▸ **PROBLEM DESCRIPTION**:
Starting at the line that contains "La distribución de", copy every line through the end of the records below exactly as written, leaving out pictures.

(Records from a data source)
-- Opening Marker --
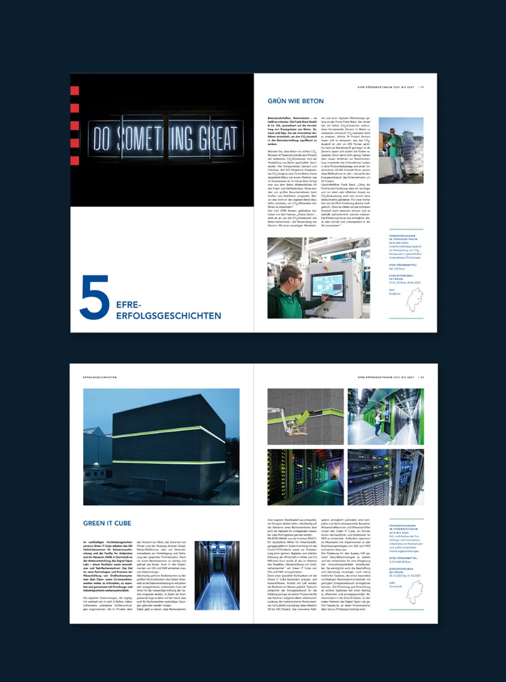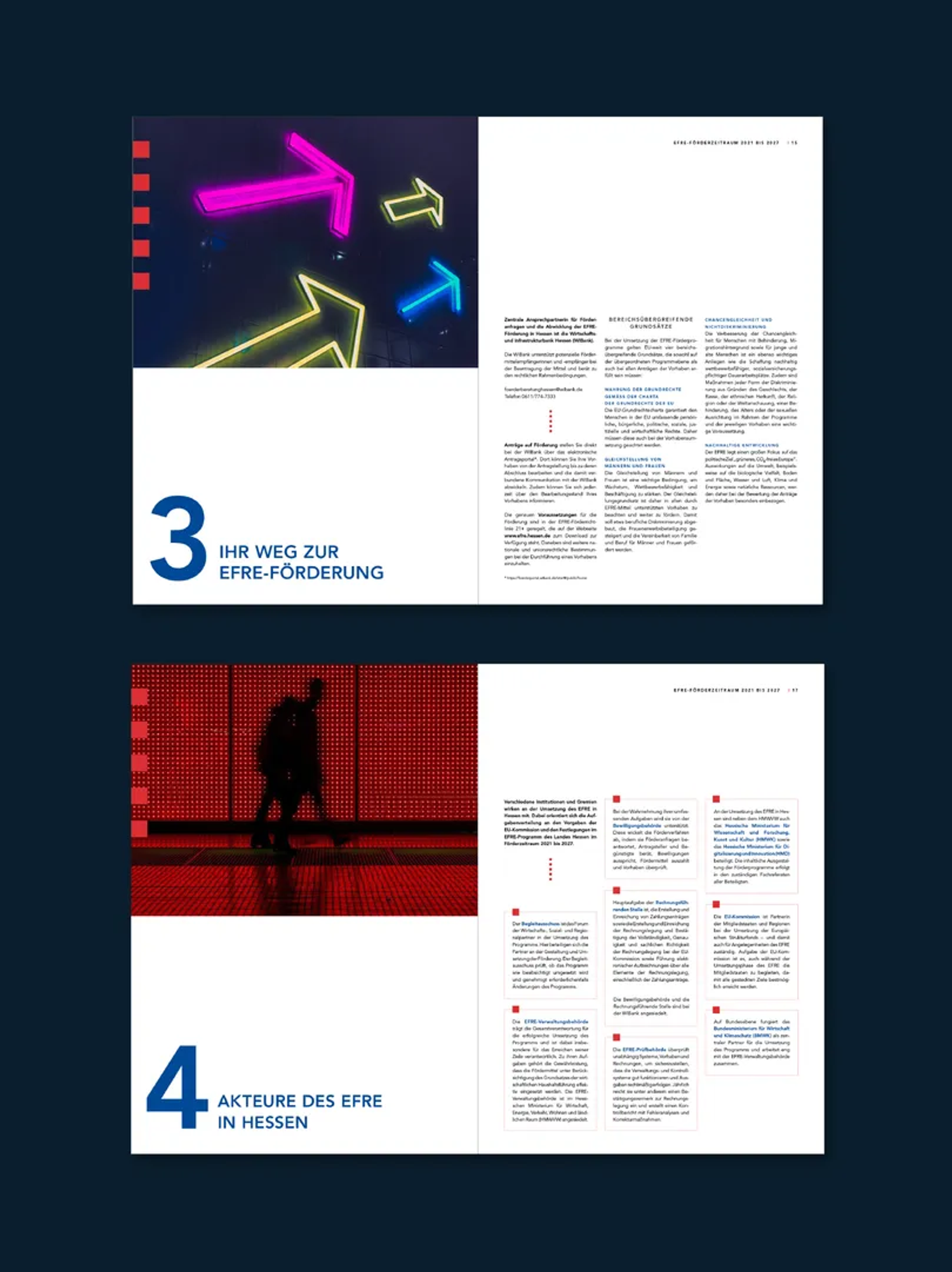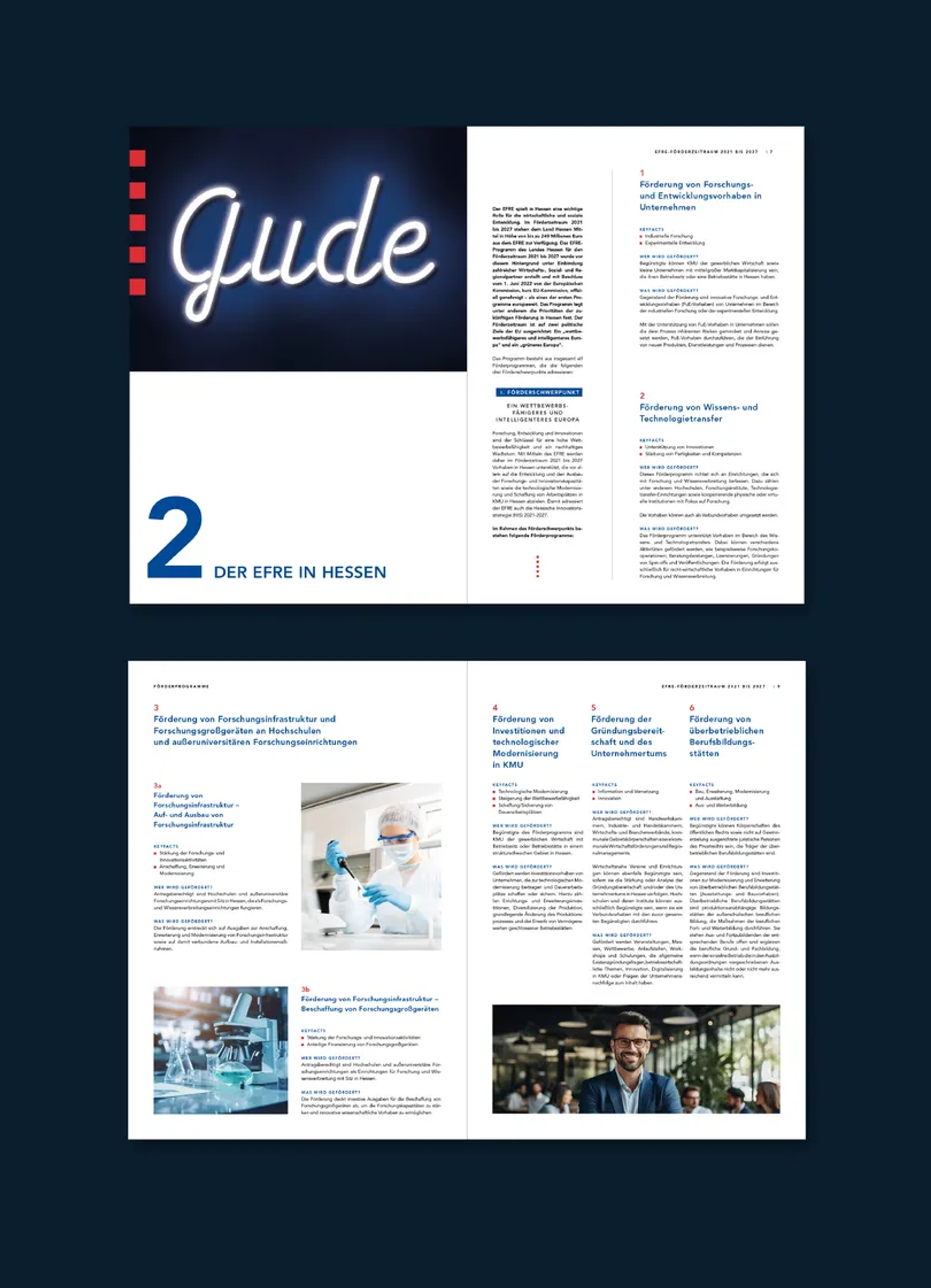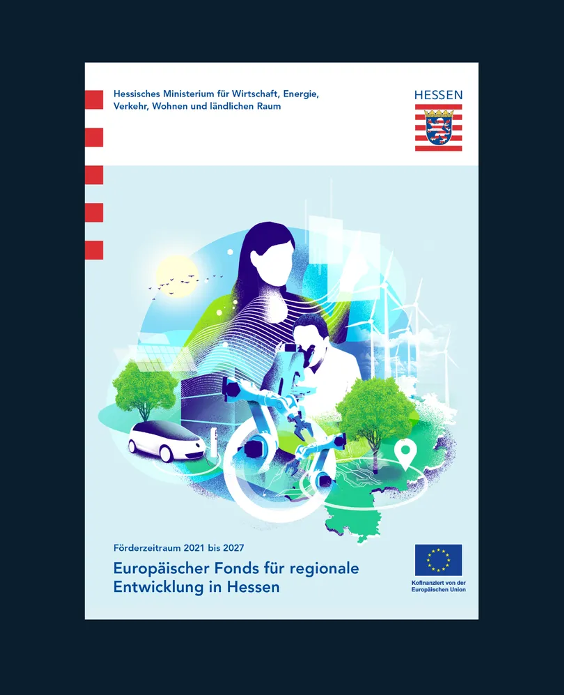 Gestaltung der EFRE-Broschüre zum Thema 'Europäische Fonds für regionale Entwicklung in Hessen' für das Hessische Ministerium für Wirtschaft, Energie, Verkehr, Wohnen und ländlichem Raum. 24 Seiten Eine Zusammenarbeit mit Fazit Communication.
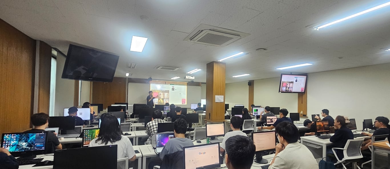 이번 특강은 오전 10시부터 약 2시간 동안 “AI를 활용한 아트 생성 작가 되기”를 주제로 진행되었으며, 30여 명의 학생들이 참여해 뜨거운 호응을 이끌어냈다.
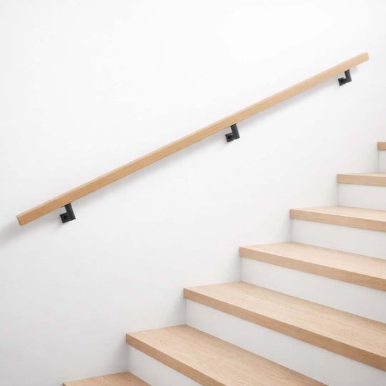 La rampe d’escalier murale noir et bois associe esthétique contemporaine et sécurité au quotidien. Composée de supports muraux en acier noir et d’une main courante en bois de chêne carrée, elle assure une excellente prise en main et un guidage optimal dans les escaliers ou zones d’accès.
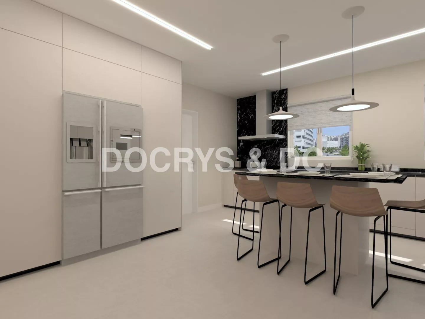 La distribución de esta cocina moderna consiste en tres frentes en forma de U con muebles bajos y columnas, donde se ubica la zona de aguas, la zona de cocción y los grandes electrodomésticos, además de un isla central, protagonista auténtica de la cocina.
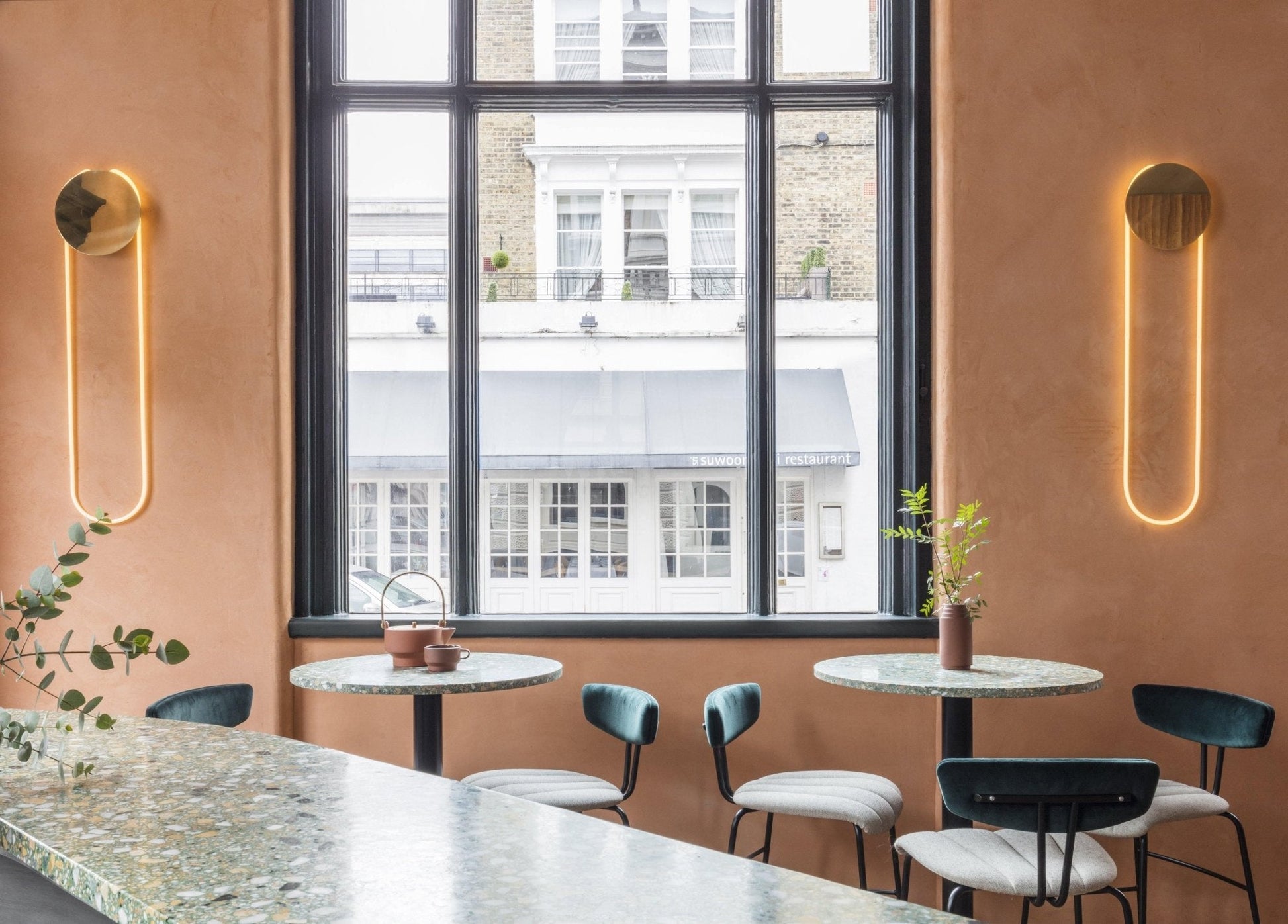 RA Wall participates in its surroundings by playing with contrasts, shadows and reflections. The circular neon tube emits a bright light that reflects softly on the wall. A solid bronze disc eclipses a part of the light and draws in the hues of the setting.
-- Closing Marker --
▸ **ANSWER FOR THIS EXERCISE**:
 La distribución de esta cocina moderna consiste en tres frentes en forma de U con muebles bajos y columnas, donde se ubica la zona de aguas, la zona de cocción y los grandes electrodomésticos, además de un isla central, protagonista auténtica de la cocina.
 RA Wall participates in its surroundings by playing with contrasts, shadows and reflections. The circular neon tube emits a bright light that reflects softly on the wall. A solid bronze disc eclipses a part of the light and draws in the hues of the setting.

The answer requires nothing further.